### Materials provided

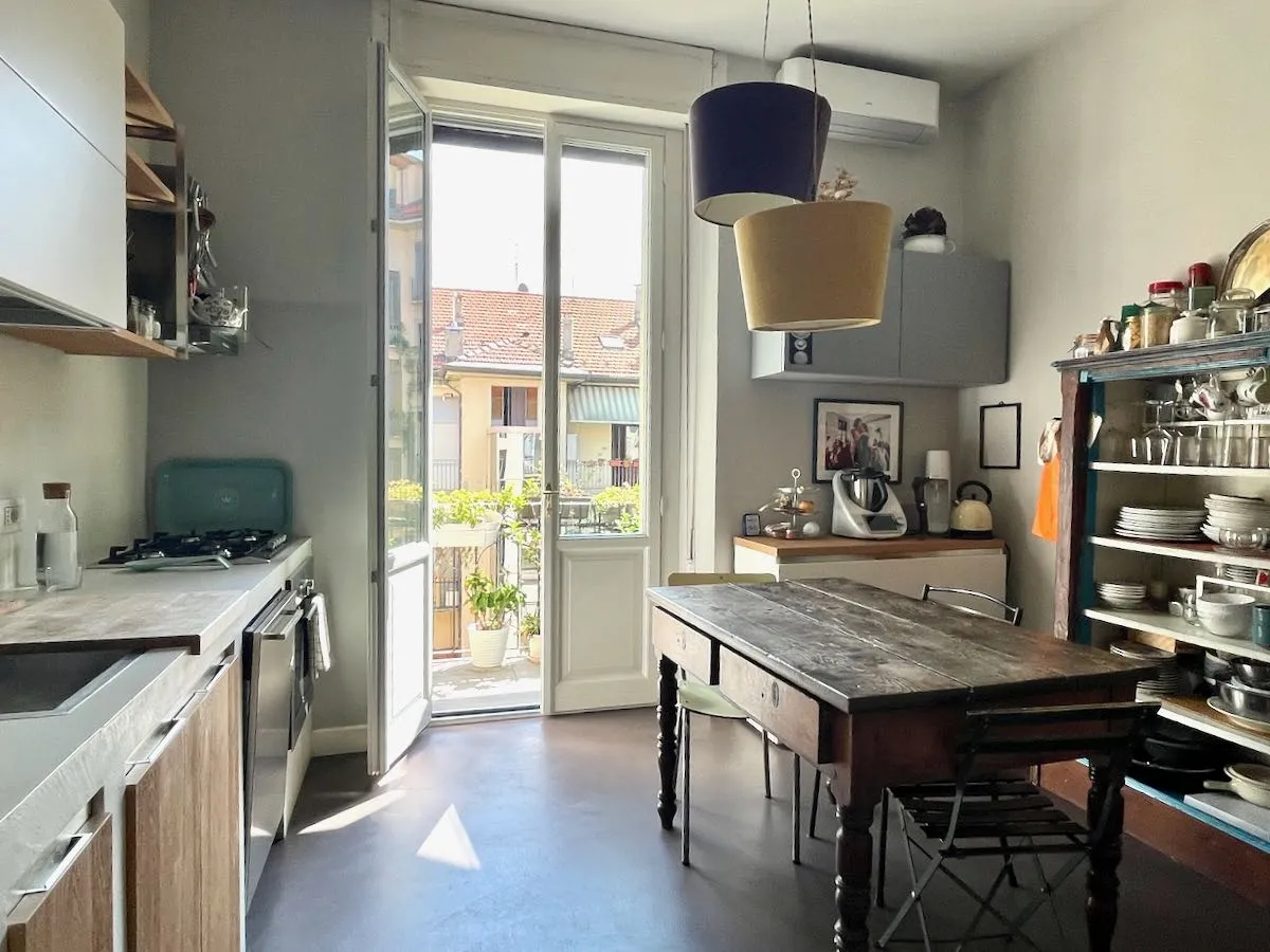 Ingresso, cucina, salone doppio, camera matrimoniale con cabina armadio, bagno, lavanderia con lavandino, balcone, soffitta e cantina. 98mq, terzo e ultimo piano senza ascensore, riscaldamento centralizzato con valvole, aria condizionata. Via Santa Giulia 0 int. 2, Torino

==

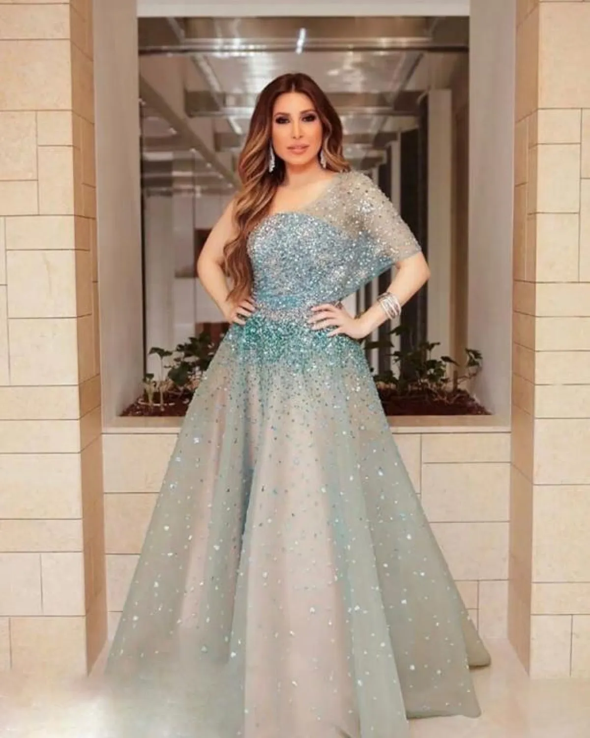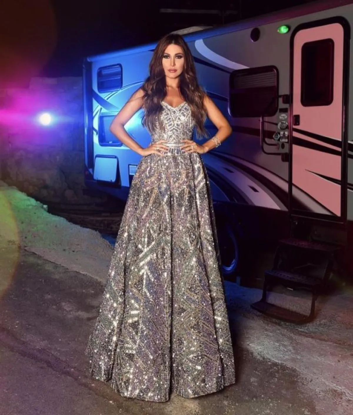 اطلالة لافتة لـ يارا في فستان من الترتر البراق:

--

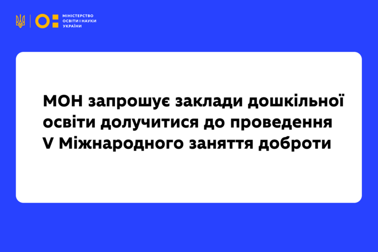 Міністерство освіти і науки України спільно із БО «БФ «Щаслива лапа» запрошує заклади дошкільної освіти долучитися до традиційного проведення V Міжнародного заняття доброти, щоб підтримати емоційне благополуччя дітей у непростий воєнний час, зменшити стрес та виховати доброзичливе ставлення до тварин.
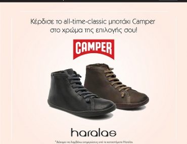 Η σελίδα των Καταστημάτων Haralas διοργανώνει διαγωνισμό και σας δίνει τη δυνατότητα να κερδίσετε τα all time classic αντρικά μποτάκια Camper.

### What you have to do
From the line with "Міністерство освіти і" up to and including the line with "Η σελίδα των" above, retype every line exactly and nothing more; leave out the pictures.

### Solution to the problem
 Міністерство освіти і науки України спільно із БО «БФ «Щаслива лапа» запрошує заклади дошкільної освіти долучитися до традиційного проведення V Міжнародного заняття доброти, щоб підтримати емоційне благополуччя дітей у непростий воєнний час, зменшити стрес та виховати доброзичливе ставлення до тварин.
 Η σελίδα των Καταστημάτων Haralas διοργανώνει διαγωνισμό και σας δίνει τη δυνατότητα να κερδίσετε τα all time classic αντρικά μποτάκια Camper.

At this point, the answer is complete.